The first time I went on a group ride (and it was the group training ride) it did seem a little close but once we were riding for 10-15 minutes, it felt comfortable. It's assumed that you "... have control of your motorcycle ..." and there are several "leads" on each group ride: ride captain (leads the group), sweep (controls the rear) and likely at least one more ride lead in the group. The leads are connected with CB radio. The initial group training ride pauses at least once, and leads provide feedback. If someone needs more time to master their bike and riding conditions, a lead will speak with them privately.

Another benefit of the group: experienced riders take newbies out solo or two at a time for rides to work on basics (hill stops/starts, turns, panic stops, etc.) to ensure everyone is at least at or beyond a basic level of motorcycle control.

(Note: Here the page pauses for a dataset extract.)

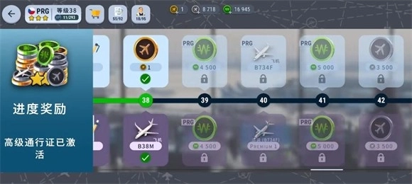 3、游戏内的飞机种类相当丰富,涵盖了市面上的主流机型,具体分为小型、中型、大型和超大型四个类别。玩家要获取飞机,需先消耗金币解锁机型,之后再用绿币完成购买。游戏中的手册功能类似通行证,每个机场都配备专属手册,手册设有两个等级,其中高级手册需用金币解锁,且不同机场解锁所需的金币数量各不相同。手册内会提供合同、飞机等奖励,还包含一些涂装;这些涂装解锁后,可在其他机场的同款飞机上通用。此外,手册还会赠送一定数量的金币、银币、绿币,以及额外的合同位置。

All this "lead" time is voluntary, and we pay $5 towards Meetup expenses a year. These rides take place around Boston (where we're based) so the new rider doesn't have to travel far to get to it.

I just participated in a large group ride, Nelson's Ride, with several hundred motorcycles in a group. Everyone followed these guidelines (MSF), and intersections were blocked by police and volunteers. We rode about 50 miles without stopping and with no accidents. (The only issue for me was jaw soreness from checking out the bikes when parked before and after the ride: some amazing custom bikes.)

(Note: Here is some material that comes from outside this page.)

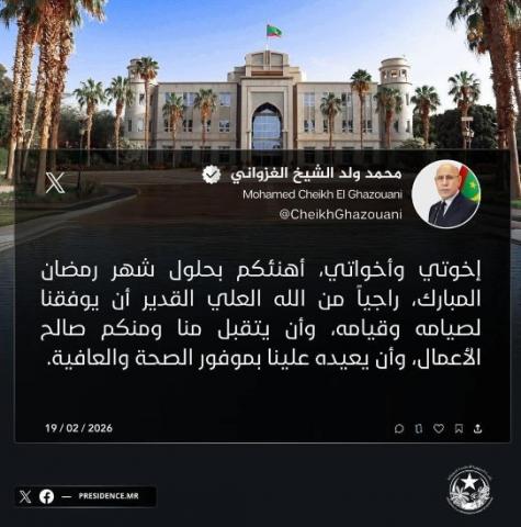 هنأ الرئيس محمد ولد الشيخ الغزواني، الموريتانيين بحلول شهر رمضان المبارك، راجيا من الله أن يوفق الجميع لصيامه وقيامه، وأن يتقبل صالح الأعمال، وأن يعيده على البلاد بموفور الصحة والعافية.

It does take some getting used to, and I go on a group ride whenever possible to maintain that level of focus and comfort. I practice that, too, in traffic when I am out solo: 2-seconds spacing to the car in front of me. More at night and in the rain. The group moves quickly and avoids issues with 4+ wheel vehicles this way. It seems a huge advantage when riding in a group on the road, but to each their own, too.